Lauren Gross is a student at the Frostburg State University. She is an ISA Featured Blogger and studied abroad with ISA in Athens, Greece.
My life is in ruins. Literally. For as long as I can remember, I’ve been interested in one thing: ancient Greece. Naturally, when I decided to study abroad, I knew exactly where I wanted to go. In my head, I had so many ideas about what my experience might be like and how it would impact me.
My first piece of advice is to throw all of that out the window.
On my first night in the city, I went into town with three other girls on my program. We took the metro, which was nothing new for a Washington D.C. native like me. It all seemed so mundane- I was almost disappointed. Where was the angelic choir singing as I stepped off the platform? For a moment, I was worried that I had made a big mistake.
Then I walked outside of Monistiraki Metro Station into the heart of Athens. The angelic choir took the form of a street performer singing a song by Journey at the top of his lungs, with the gleaming marble face of the ancient library of Hadrian for a backdrop. The monument was lit up in the night, and that’s when it hit me: this country was more than just a place I had dreamed of visiting. There was a vibrancy of the city that had nothing to do with the dusty pages of a book I’d read – it came from real people living lives that I had no prior understanding of.
For the first week, I hit the tourist spots. Pictures in front of the Acropolis? Yes please. But after a few days, I felt as if I had trapped myself in a bubble. I was hanging out with the same people, having the same conversations, and doing everything that I could have done back in the United States. Forget that.
My second piece of advice is to run. Run far and fast from everything you know.
I’ve had a crippling fear of heights since I can remember, but the view from the highest peak of Athens was worth it.
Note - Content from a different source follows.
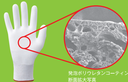
発泡ポリウレタンコーティング 断面拡大写真

The point is- try everything. Even if you’re afraid, or if you don’t think you’ll like it, try it. Understand that your expectations going into the trip will be vastly different from what you’ll find. Most importantly, be open to learning, and be open to change.
I’ve gotten lost looking for museums, I’ve gotten lost in the market district, I even got lost coming down from the highest peak in Athens, but in all that time, looking forward was the only way I got myself back.
There will be times when you will miss home. It happened to me on the back roads of a mountain, when no one spoke my language and the sky was getting dark. But with all frustrations aside, what you find may be far more exciting than what you’ve left behind.
In short: no, study abroad will not be everything you hope it will be. It will be exactly what you make of it, which means if you keep a positive attitude and learn to roll with the punches, it will be far better than you could have ever imagined.